*** Opening of Raw data ***

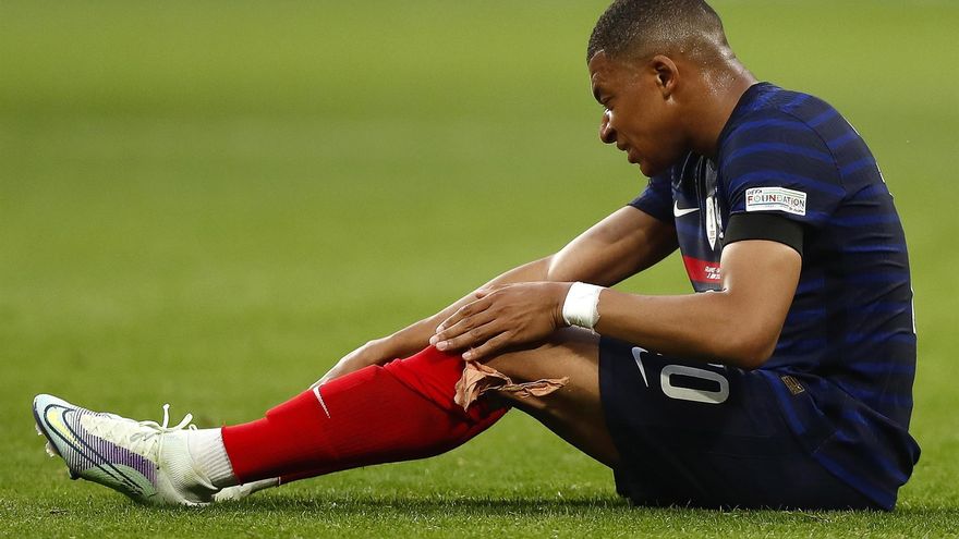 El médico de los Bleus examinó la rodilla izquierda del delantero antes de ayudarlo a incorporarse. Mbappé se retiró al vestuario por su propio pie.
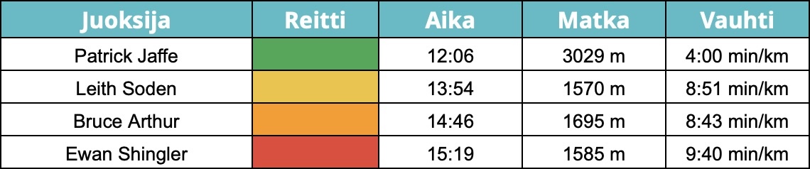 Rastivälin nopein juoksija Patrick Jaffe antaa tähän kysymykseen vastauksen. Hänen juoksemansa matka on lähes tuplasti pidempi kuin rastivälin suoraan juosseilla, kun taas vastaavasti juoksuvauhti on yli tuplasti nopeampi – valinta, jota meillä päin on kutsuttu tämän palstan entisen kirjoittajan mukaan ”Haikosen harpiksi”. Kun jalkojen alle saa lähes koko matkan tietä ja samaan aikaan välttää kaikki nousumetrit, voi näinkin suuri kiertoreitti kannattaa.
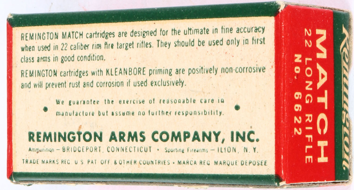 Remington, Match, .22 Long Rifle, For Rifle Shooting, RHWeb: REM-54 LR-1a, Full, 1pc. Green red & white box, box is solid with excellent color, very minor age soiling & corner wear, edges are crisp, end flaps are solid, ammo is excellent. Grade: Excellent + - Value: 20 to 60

*** Close of Raw data ***
*** Opening of Raw data ***

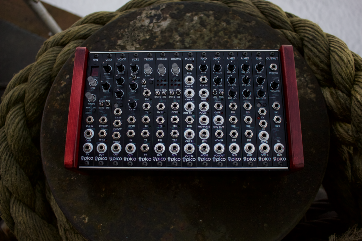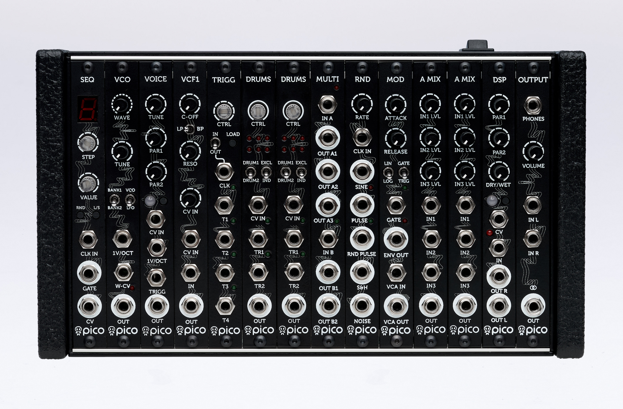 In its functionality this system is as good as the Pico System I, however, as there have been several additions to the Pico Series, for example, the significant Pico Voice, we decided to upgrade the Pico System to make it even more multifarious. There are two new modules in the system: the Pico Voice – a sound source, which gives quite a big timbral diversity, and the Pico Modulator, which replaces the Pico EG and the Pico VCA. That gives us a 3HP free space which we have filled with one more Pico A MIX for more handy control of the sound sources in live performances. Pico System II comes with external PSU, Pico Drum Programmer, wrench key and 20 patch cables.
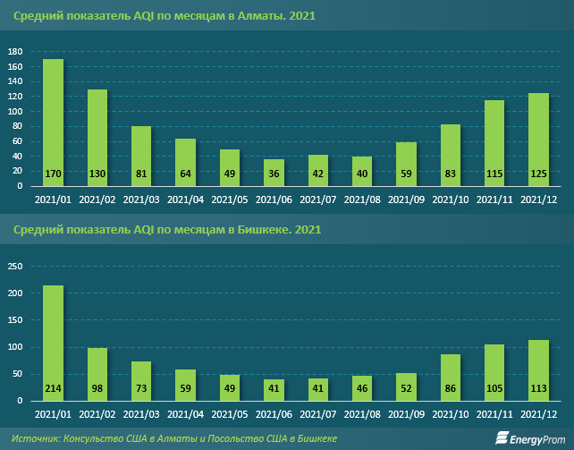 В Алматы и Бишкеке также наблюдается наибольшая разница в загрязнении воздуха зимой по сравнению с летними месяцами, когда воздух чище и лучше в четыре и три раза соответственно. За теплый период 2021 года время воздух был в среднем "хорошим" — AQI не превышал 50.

*** Close of Raw data ***

Problem details: In the records above, everything from the line with "El médico de" down to the line with "Remington, Match, .22" must be duplicated exactly, both lines kept. Leave no pictures in.

Answer to this task:
 El médico de los Bleus examinó la rodilla izquierda del delantero antes de ayudarlo a incorporarse. Mbappé se retiró al vestuario por su propio pie.
 Rastivälin nopein juoksija Patrick Jaffe antaa tähän kysymykseen vastauksen. Hänen juoksemansa matka on lähes tuplasti pidempi kuin rastivälin suoraan juosseilla, kun taas vastaavasti juoksuvauhti on yli tuplasti nopeampi – valinta, jota meillä päin on kutsuttu tämän palstan entisen kirjoittajan mukaan ”Haikosen harpiksi”. Kun jalkojen alle saa lähes koko matkan tietä ja samaan aikaan välttää kaikki nousumetrit, voi näinkin suuri kiertoreitti kannattaa.
 Remington, Match, .22 Long Rifle, For Rifle Shooting, RHWeb: REM-54 LR-1a, Full, 1pc. Green red & white box, box is solid with excellent color, very minor age soiling & corner wear, edges are crisp, end flaps are solid, ammo is excellent. Grade: Excellent + - Value: 20 to 60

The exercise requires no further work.